Gut health appears to be the latest most confusing topic. The most common question I’ve been asked recently is ‘should I be taking probiotics?’ Before we jump straight to it I’m going to explain the key factors you should understand about gut health before heading straight to probiotics for the answer.
Most commonly associated with gut health is healthy digestion. However, a healthy gut can play such an important role in an overall healthy body and healthy mind. Whilst I will explain some of the factors which are associated with poor gut health, please be aware that these are not the only cause of the issues.
Sleep: Research has shown that sleep deprivation can be associated with imbalanced gut microbiota. Simultaneously an imbalance in gut microbiome can lead to increased inflammation which consequently can impact your quality and length of sleep.
Skin: Some research has suggested that there is a relationship between inflammation in the gut and acne. The skin is often very much a reflection of the inside of our bodies. Consequently inflammation in the gut or chronic stress can often lead to poor skin.
Inflammation: Following on from the comments on skin, poor gut health is very heavily linked to inflammation, immune function and digestive disorders. Leaky gut syndrome is a common issue related to poor gut health and often exhibits symptoms of the above.
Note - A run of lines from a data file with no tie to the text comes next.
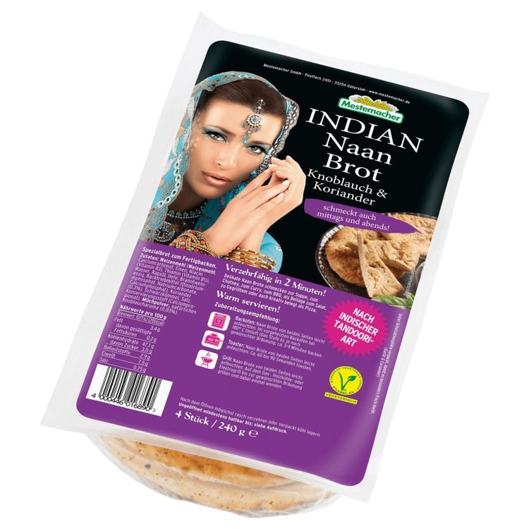 Mestemacher индийски хляб Наан с чесън и кориандър (240 г)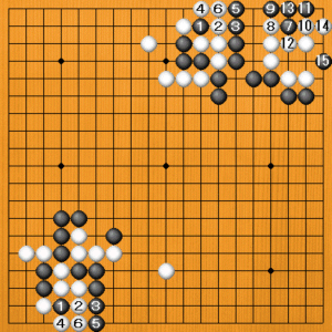 この場合は黒1のキリからいくと、黒のダメがつまってしまい失敗でした。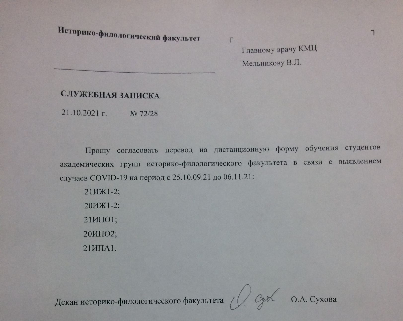 Студенты ИФФ групп, представленных в служебной записке, переводятся на дистанционное обучение. Задания по дисциплинам "Физическая культура и спорт" и "Элективные дисциплины по физической культуре" будут представленны преподавателями в Zoom.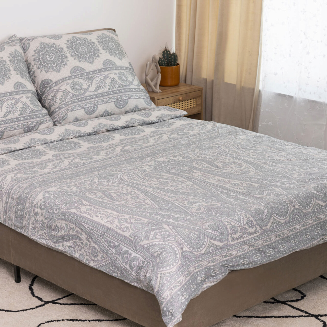 Setul MOTIFS este format dintr-o husa de pilota cu dimensiunea 160x200 cm si doua fete de perna cu dimensiunea 70x80 cm.
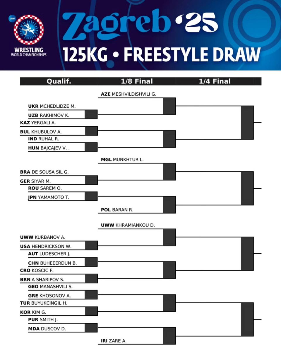 125 кг-ын жинд М.Лхагвагэрэл эхний тойргийг өнжөөд, хоёрдугаар тойрогт Бразил, Германы бөхийн хэн ялсантай нь барилдахаар сугалаа гарчээ.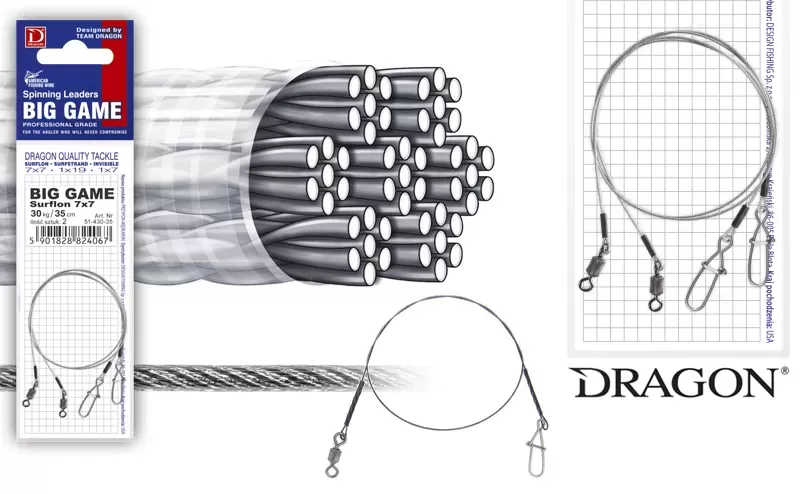 The Dragon ‘s Big Game steel pike reins series features greater load resistance and a more solid set of carabiners and swivels at both ends. They are made of high quality American Fishing Wire steel wire, and the extremely flexible 7×7 Surflon knit has a smooth nylon coating. The high resistance to bending, and hence the longer life of the high-end pike leader are a fact, especially since the knit passes three times through the crimps, which reduces the risk of pulling the line when overloaded. A total of 49 threads significantly improve torsion resistance, and the length ensures that even an attack by an unexpectedly large predator will not lead to detachment of the bait and failure to sign a quality catch.

Mental Well Being: Recent research has studied the gut-brain axis which shows the complex relationship between the central nervous system (present in the brain) and the gastrointesintal tract. The gut-brain axis plays key roles in a variety of tasks including: metabolism, satiety and insulin secretion. However, this axis has also shown a relationship between emotional behaviour and gut health. It can be through the gut-brain axis that stress identifies itself as a factor in poor digestion and intestinal cramps which are a result of the stimulation of the CNS and autonomic nervous system.
Weight: Research has suggested that the type of microbiome present in our gut may play a key role in appetite regulation and consequently in weight gain, loss and maintenance.
Evidently, gut health plays a key role in a variety of issues and not just digestion. Therefore, as the growing body of evidence emerges constantly showing us how key our gut health is it becomes even more essential that we look after it properly.
Ways in which I recommend looking after your gut health:
1. Eat probiotic foods – prebiotics help to feed the microbiota which is already present in your gut. Pre-biotic foods include: garlic, onions, sauerkraut, bananas, apples and leeks to name a few.
2. Consume a variety of probiotic foods – these foods will provide the gut with beneficial bacteria. Foods such as yoghurts, kefir, kombucha and kimchii.
3. Get a good nights sleep – if you struggle to sleep try taking an Epsom salt bath before bed. The magnesium in the Epsom salts is absorbed through your skin causing your muscles to relax.
Should you have any of the issues listed above it would be recommended to visit a nutritionist or health care professional before embarking on a course of probiotics. Whilst probiotics can be hugely beneficial they are not for everyone. It is essential that you get advice targeted towards your specific issue as to the dose, the type and the length of the course.
Kinnucan, J. A., Rubin, D. T., & Ali, T. (2013). Sleep and inflammatory bowel disease: exploring the relationship between sleep disturbances and inflammation. Gastroenterology & hepatology, 9(11), 718.
Singh, V. A., & Bunger, R. (2014). Probiotics and gut health. J. Int. Med. Sci. Acad, 27(1), 41-43.
Bowe, W. P., & Logan, A. C. (2011). Acne vulgaris, probiotics and the gut-brain-skin axis-back to the future?. Gut pathogens, 3(1), 1.